I really need to start paying attention to what I say and do … and promise. After reading, Screamfree Parenting, I vowed that I would always try to keep any promises I made to Monkey, good and bad. And to be honest, my track record has been pretty good. But tonight, I almost broke one and it almost brought me to tears.
While putting Monkey to bed (a little earlier than usual because somehow his bedtime creeped up to 9:30), we had a little problem. We read 3 books and I sat and talked with him for a while but when I informed him that I was going to bed, he pleaded for me to stay in the chair “a little bit longer”. And this is my fault. I’ll admit it. Whenever he seems like he’s going to get upset about me leaving, I’ll say, “I’ll stay a little bit longer” and most nights that little bit longer does the trick and he’s content to go to sleep after the first “little bit”. But tonight was not one of those nights.

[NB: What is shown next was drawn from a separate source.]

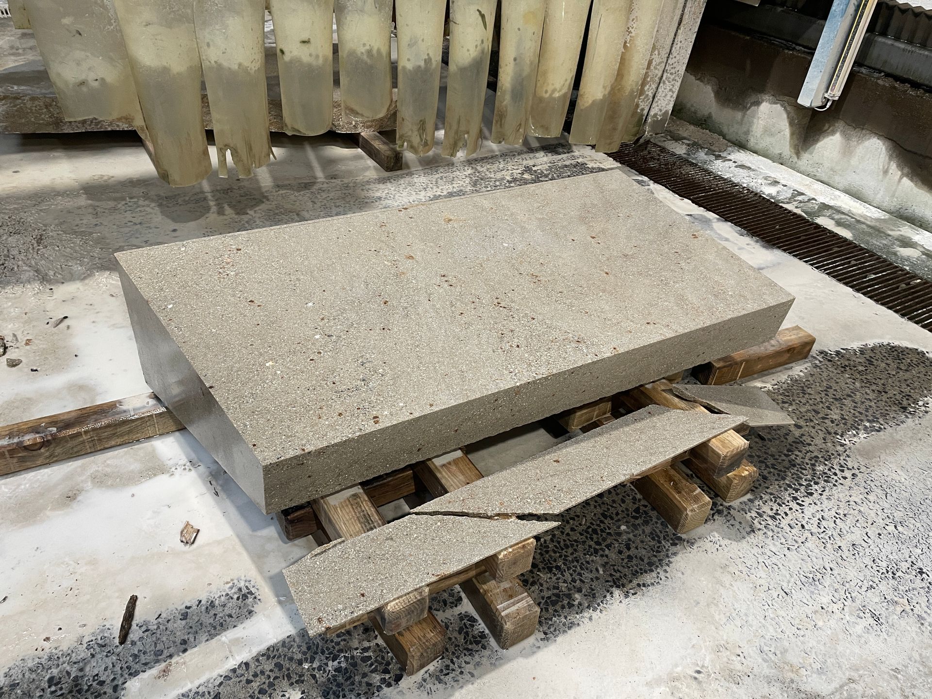 extrait des carrières de Blavozy et de la Chomette par nos ouvriers. Nos tailleurs de pierre se chargent de la découpe et des finitions à l’aide d’une scie à câble, de débiteuses. Ces machines nous permettent de recouper les pierres aux dimensions demandées, grâce à notre débiteuse à commande numérique nous avons la possibilité de réaliser des pièces plus précises. Nos finitions sont alors effectuées à la main avec des marteaux pneumatiques et des meuleuses.

After the second bit, he started to wail and got out of bed, latching onto my leg as I tried to leave his room. I don’t like for him to get worked up before bed because I know when I’m worked up prior to going to bed, it doesn’t lead to good sleep. I asked as calmly as I could manage for him to go back to bed and he pleaded and cried for me to sit in the chair more. I didn’t want to give in because I knew if I did that would mean three “little bits” tomorrow night and so on. So in a very tender voice, I said, “Get back in bed and I’ll give you another kiss and hug.” This worked.
He got back in bed and I tucked him in … then I proceeded to walk out the door!
“But you said you’d give me a hug and kiss!” he wailed. MY GOD, did I feel awful. I apologized and gave him the hug and kiss I promised but still felt like a heel. Then he said, “Can I give you a kiss?” and he did and then I wanted to cry. I felt so horrible. I’ve been blessed with such a sweet little guy and I need to respect that.